As can be seen from Table 1, when the amount of oil used for extracting the rape pollen peptide solution by the vegetable oil extraction method is small, the critical point of emulsification of the oil and the peptide powder cannot be broken, the added oil is emulsified, when the adding ratio is 100:5, the oil extraction amount and the pollen flavone amount are stable, and the time is most suitable for 1 h.

TABLE 2 measurement results of contents of vegetable oil and rape pollen oil in example 1

Wherein, No. 1 is added rape oil. And 2# is extracted rape pollen oil.

As can be seen from the results in Table 2, the pollen oil contains nervonic acid, and the nervonic acid content extracted in the example 1 of the present invention is 1.19%. The combination of high yield of rape flowers can show that the rape pollen oil has excellent development prospect.

In summary, the invention takes rape pollen as raw material, rape pollen peptide is prepared by protease hydrolysis, in the process, the grease in the rape pollen is released, the grease and the peptide are emulsified into a whole, after oil is additionally added, the emulsified state is destroyed, the grease and oil-soluble flavonoid substances are blended into the added oil, and nervonic acid and oil-soluble flavonoid substances in the rape pollen grease are extracted. And the rape flowers are widely planted, the production cost is low, the large-scale production is easy, and the method is more economical and applicable.
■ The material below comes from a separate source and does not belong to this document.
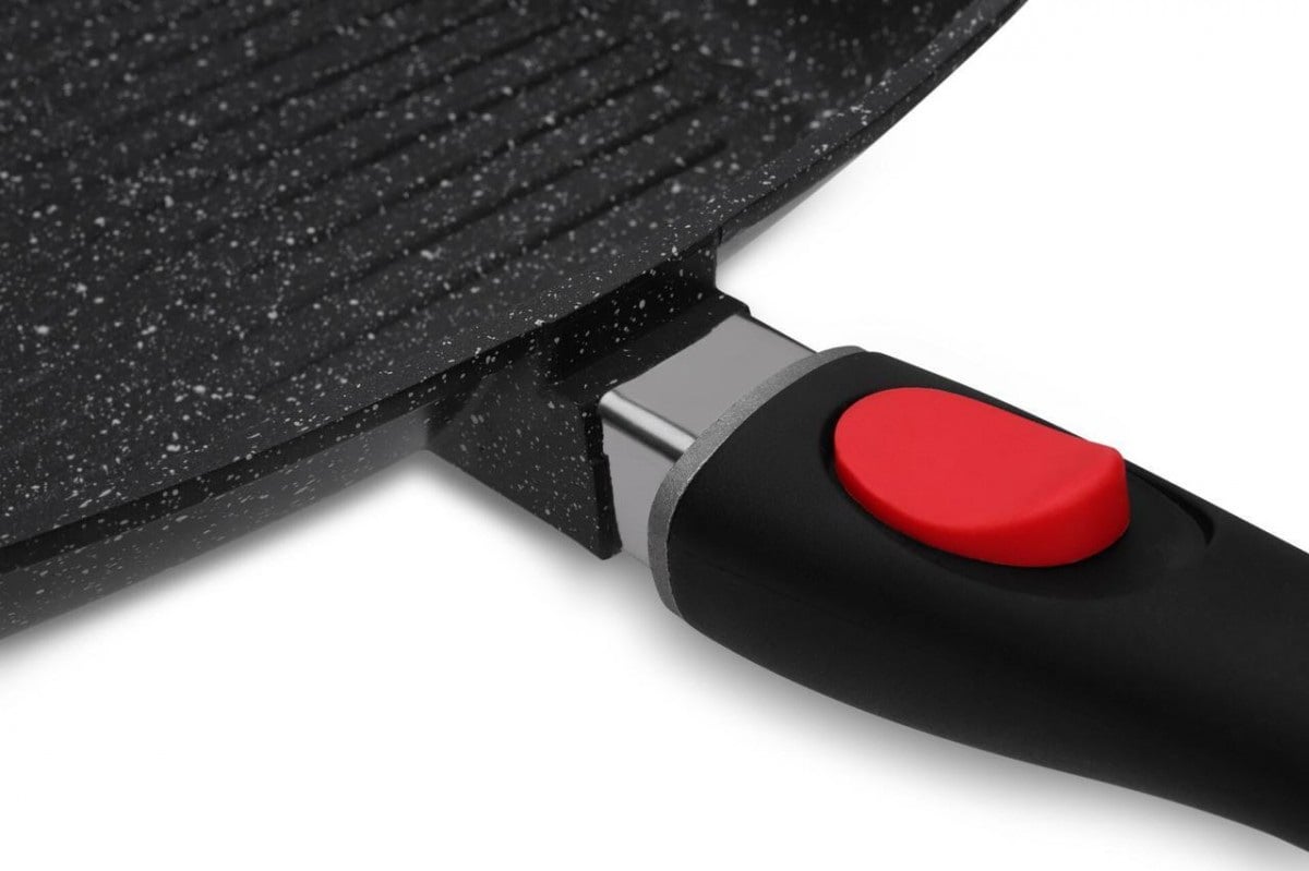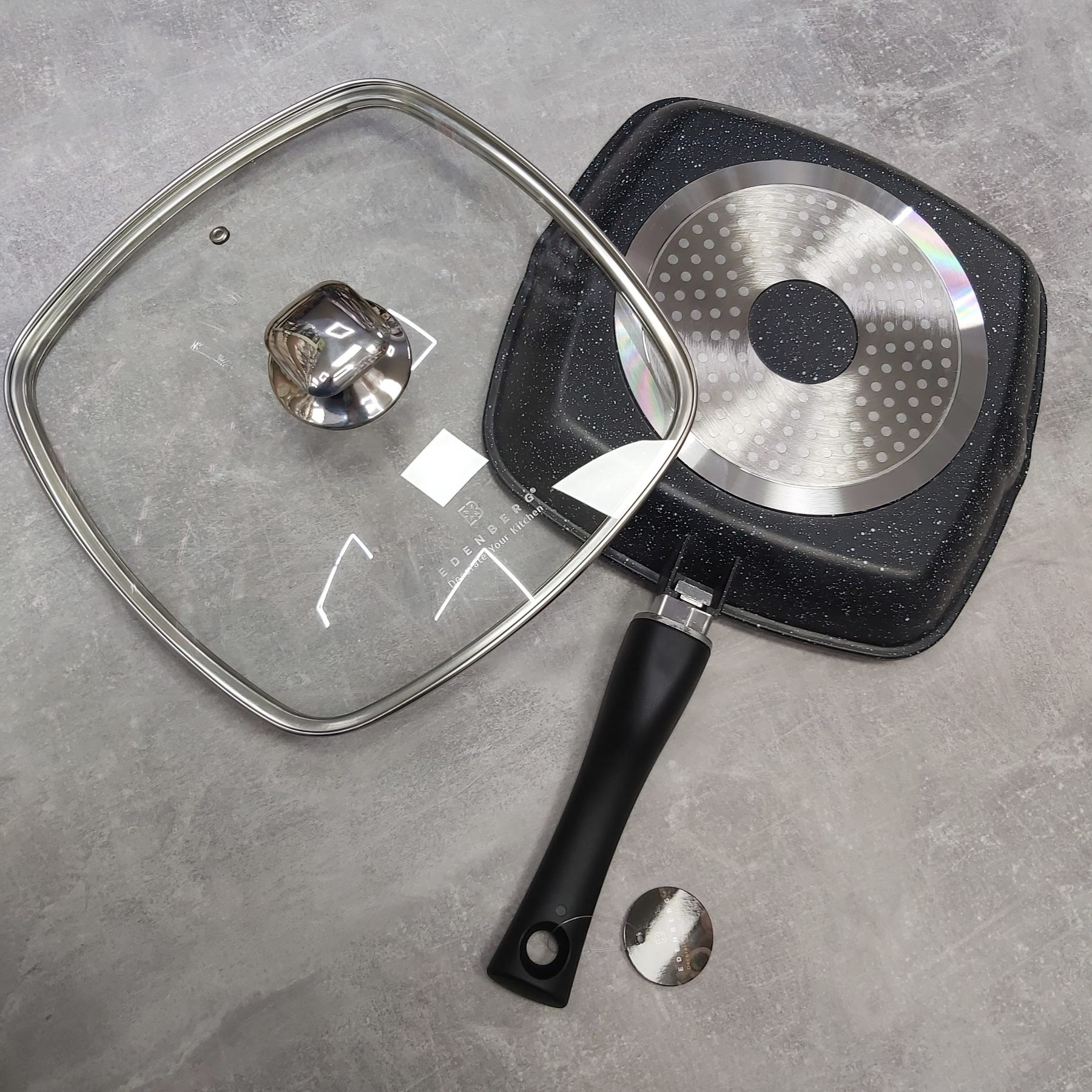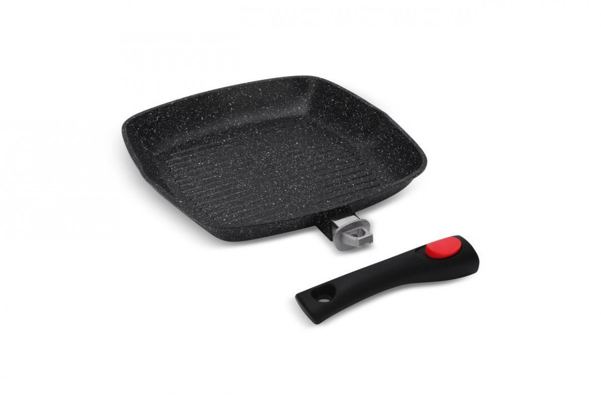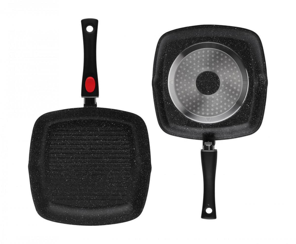 Сковорода гриль Edenberg EB-8130 28 см Сковорода-гриль із кришкою алюмінієва сковорода із двостороннім тришаровим мармуровим покриттям із мармурової крихти. Знімна ручка дозволяє зручно зберігати сковороду в холодильнику, можна використовувати сковороду в духовці, зливний носик для масла. При правильному використанні ця сковорода прослужить значно довше, зберігаючи антипригарні властивості. Особливості: Ручка виготовлена ​​з бакеліту, не ковзає, зручно лягає в руку; Сковорода легко чиститься; Виконана із екологічно чистого матеріалу; Висота стінок 5.5 см; Підходить для всіх видів плит;

The method simultaneously synchronously extracts the nervonic acid and the flavone in the rape pollen while preparing the rape pollen peptide, develops high-quality raw materials for preparing functional health-care food, and more effectively utilizes the pollen raw materials.

The present invention is not limited to the above preferred embodiments, and any modifications, equivalent substitutions and improvements made within the spirit and principle of the present invention should be included in the protection scope of the present invention.